The goal of this project is to analyze employee data to identify the key factors that lead to employee attrition (employees leaving the company) and to build predictive models that can accurately forecast the likelihood of attrition.
Understand the main drivers of employee turnover.

Predict which employees are at risk of leaving, enabling proactive retention strategies.

Improve overall workforce performance and satisfaction through data-driven HR decisions.


## **Stage 1**

### Data choosing & Understanding the Dataset

- Dataset: 'Data_Train.xlsx'
- Columns include EmployeeNumber, Age, Gender, Department, JobRole, MonthlyIncome, YearsAtCompany, JobSatisfaction, WorkLifeBalance, PerformanceRating, Attrition.
- Checked data types, null values, and duplicates.

## **Stage 2**

### EDA (Visualization) and Pre-processing
 - Finding the outliers
 - Removing the outliers
 - Finding the Skewness
 - Visualize the Univariate
 - Visualize the Bivariate
 - Visualize the Multivariate

 ## **Stage 3**

 ### Feature Engineering
 - Encoding the categorical columns(One hot Encoding)
 - Feature Selection (Using Kbest selection)
 - Feature Scaling (Standard Scalar)
 - Model Building

  ## **Stage 4**
  ### Model Evaluation
  - Logistic Regression
  - Decision Tree Classifier
  - Random Forest Classifier
  - Support Vector Machine (SVM / SVC)
  - Naïve Bayes
  - K-Nearest Neighbors (KNN)
  - XGBooster
   ### Model Comparision

   - Using KFold cross validation
   - Hyperparameter Tuning
   Finally find the best model for predict the Attrition.

  ### Future Enhancement

- While the current model provides valuable insights into employee attrition and performance, there is significant scope for further improvement and expansion.
 - The  solution more robust, accurate, and practical for real-world HR applications:

 ### Conclusion
The IBM HR Analytics - Employee Attrition & Performance project successfully explored employee-related data to identify key factors influencing attrition and to build predictive models that help forecast which employees are at risk of leaving the organization.

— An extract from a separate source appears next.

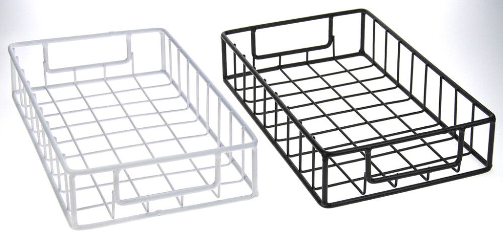 Matala verkkokori pienten tavaroiden säilytykseen. Värilajitelma, musta tai valkoinen.
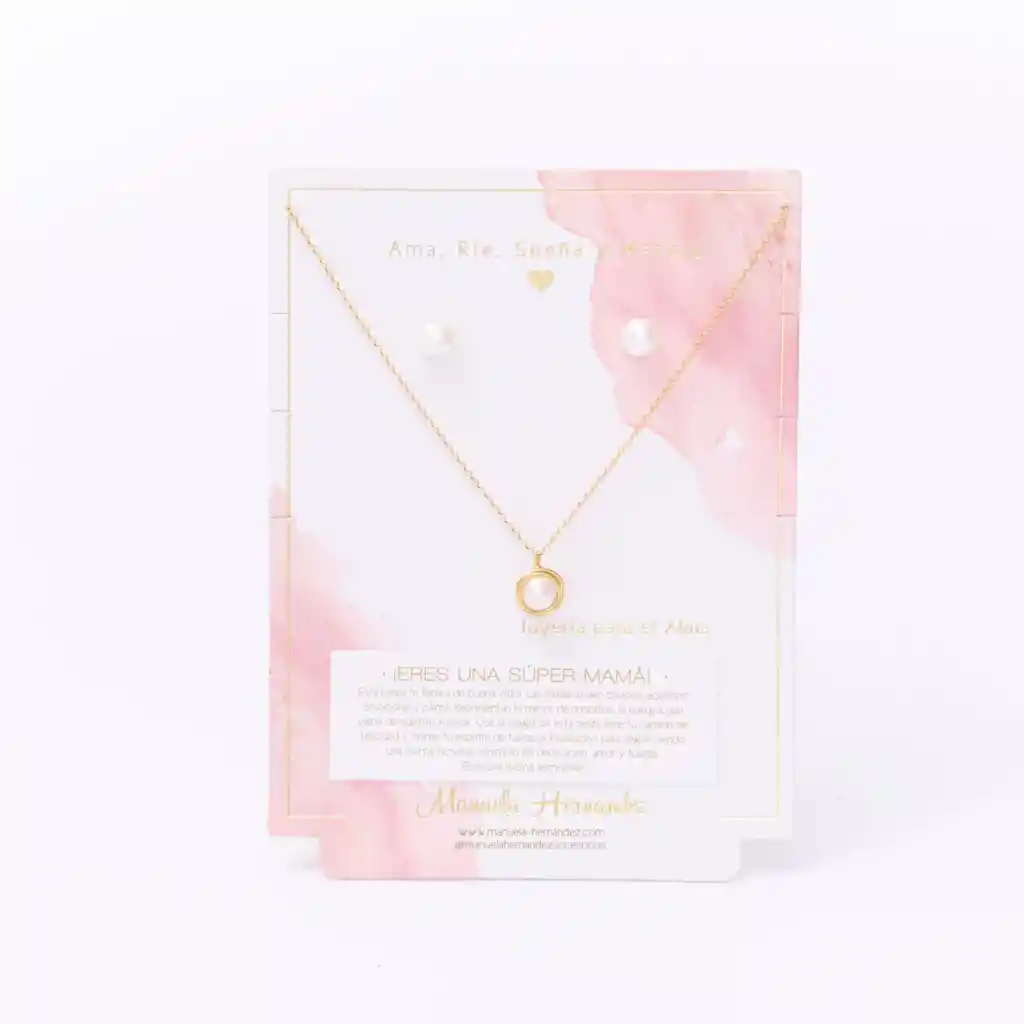 La cadena y los apliques dorados cuentan con Baño de Oro 18k. Elaborado con Perlas Naturales. Longitud: 45 cm. Incluye Collar y Aretes.

Through data preprocessing, feature selection, and model comparison, the analysis revealed that factors such as overtime, job level, total working years, marital status, and monthly income play a crucial role in employee attrition.

Among the tested machine learning models — including Logistic Regression, Random Forest, SVM, KNN, Decision Tree, Naïve Bayes, and XGBoost — models like Support Vector Classifier (SVC) and Random Forest delivered the highest accuracy, while Naïve Bayes performed better in detecting minority (attrition) cases, as reflected in its F1 score.

The findings highlight the importance of data-driven HR strategies. By understanding what drives employees to leave, organizations can proactively implement retention initiatives, optimize workload, enhance job satisfaction, and improve workforce stability.